– Время?

– Оно окружает нас. Ты можешь пользоваться временем, если в состоянии сделать это. Я не понимаю, отчего ты такой темный в этом отношении. По словам папы, ты все больше и больше беспокоишь его. Именно так он и сказал.

– Не понимаю, – покачал я головой. – Что значит «пользоваться временем»?

– Ты ведь видел моего папу, так? Ты был в его кабинете, и он был живой-здоровый, а живым он должен был быть для того, чтобы разговаривать с тобой.

Тут до меня дошло, о чем она.

– Ох…

– Ты перенесся в его время, вот и все, – сказала Джой. – C'estsimple [49] .

Я в изумлении смотрел на нее какое-то мгновение, пытаясь сопоставить воспоминание о пережитом с моим инстинктивным отрицанием представления тети Джой о «простом».

– У меня было чувство…

– Какое? – Ее голос выдавал крайнюю степень нетерпения.

– Будто я падаю.

– Неудивительно. C'estnormal [50] . He пойму, почему я должна это тебе объяснять. Когда ты возвращаешься назад, это ощущается как падение. Как же по-другому-то? Надеюсь, ты понимаешь, как нам повезло в жизни. Вряд ли кому-то еще дано такое. Кое-кто на это способен, но лишь раз в жизни. Куинни не может, и Нетти не может, и наверняка Мэй не под силу. А вот мой папочка мог, потом научилась я, пока были силы, а теперь – и ты. Знаешь, что частенько говорил папа?

Я покачал головой.

– Он говорил, что поглощает время. Занятие было папе не по душе, однако он все равно съедал его, потому что у этого есть причина, и если ты такой способностью обладаешь, ты должен найти причину. Он рассказывал, что как-то раз увидел, как Омар и Сильвэйн Данстэны мародерствовали на поле боя, и подумал, что это явилось причиной появления способности у него.

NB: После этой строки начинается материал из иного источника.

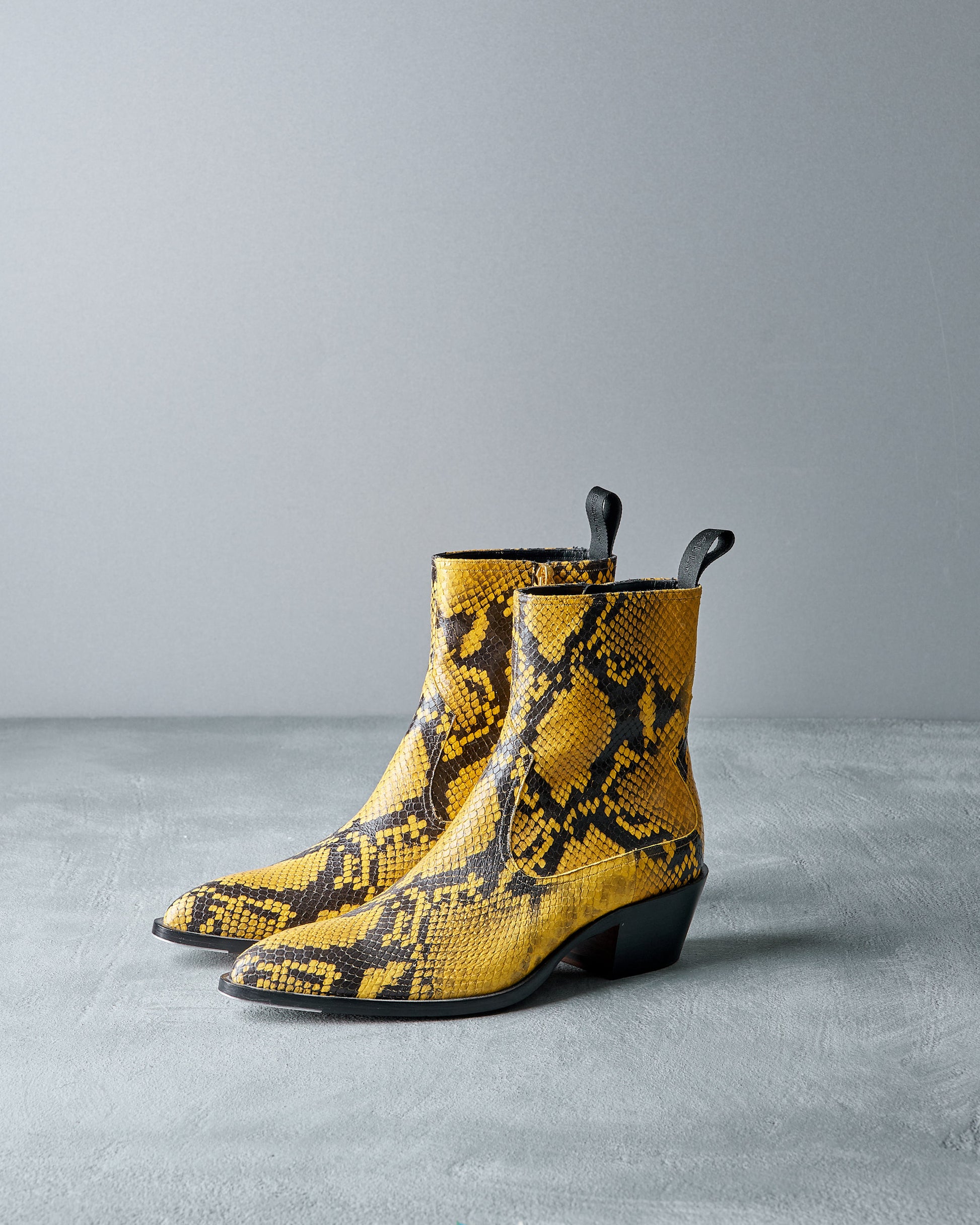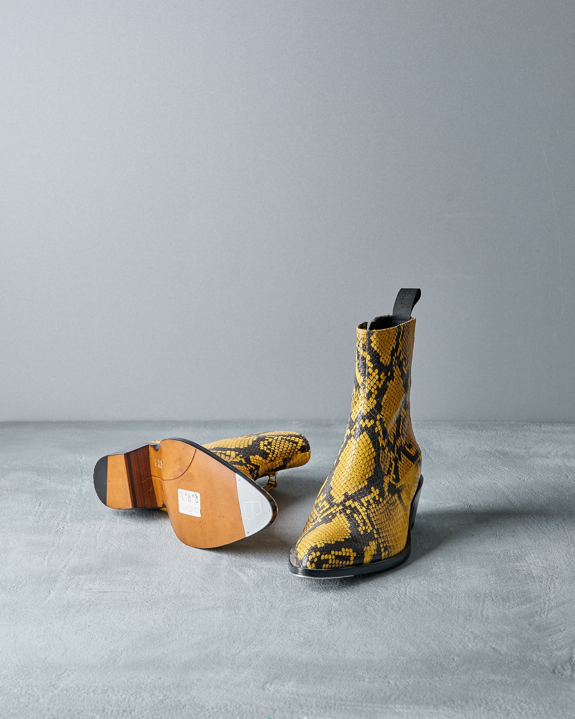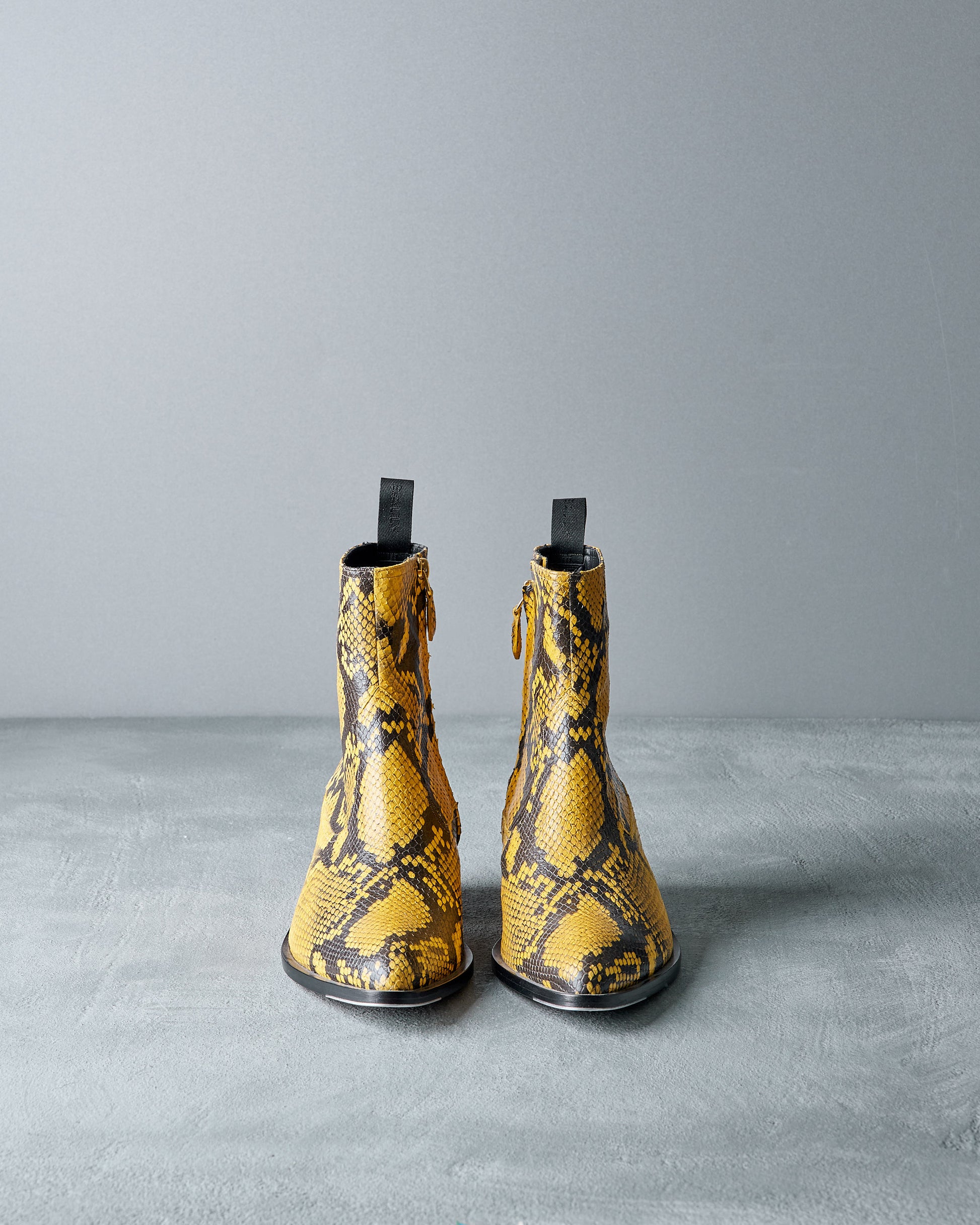 Snake-embossed effect leather boot with pointed toe, side zip closure, and bold silhouette. Refined craftsmanship in statement form.

– А какая причина была у вас?

– Причина… Может, все оттого, что Говард Данстэн сделал меня такой несчастной. Может, для того, чтобы я могла рассказать тебе обо всем Надеюсь, твоя причина благовидней моей.

– Говард сделал несчастной вашу мать, – сказал я.

– Это так, – кивнула Джой. – Глубоко несчастной.

– У него были любовницы.

– Да уж, сколько их было…

– А у тех женщин были дети от него? Джой с интересом взглянула на меня:

– Хочешь послушать смешную историю? Я кивнул.

– Как-то раз я закончила урок с учителем французского – я занималась отдельно, потому что у меня были великолепные способности к французскому. Куинни и Нетти, такими способностями не обладавшие, пошли на свой урок. Мэй болела, лежала у себя. Она даже не ела – моя сестра Мэй вообще за все свое детство съела едва ли больше крупинки. Я сидела одна, заняться было нечем. И вот, набравшись мужества, я проскользнула в папин кабинет, эта комната была моей любимой, однако заходить туда sans permission [51] я не могла. Угадай, что особенно пленяло меня в той комнате?

– Лис, – сказал я. Джой хлопнула в ладоши:

– Я обожала лиса! Мне чудилось, если я буду долго-долго на него смотреть, старый Рейнар перестанет меня замечать и завершит тот шаг, на котором замер с поднятой лапой. Как же я мечтала ипе foissettlement [52] увидеть, как он двигается. Только я опустилась на колени перед камином, как зазвонил телефон. Ох! Я чуть не упала в обморок. К двери кабинета приближались неторопливые папины шаги: бум, бум, бум. Я вскочила и спряталась за спинкой дивана. Вот он входит: бум, бум. С грохотом захлопывает дверь. Я видела снизу его ноги, приближающиеся к столу. Он снял трубку и некоторое время молчал. Затем произнес: «Элли. Прошу тебя, успокойся». Я знала, что он говорил с чужой женщиной. Он сказал: «Все будет хорошо. Он будет думать, что это его ребенок». Опустив трубку, отец проговорил: «Слишком много дыма из пушечного жерла». Затем он вышел из кабинета совсем неслышно.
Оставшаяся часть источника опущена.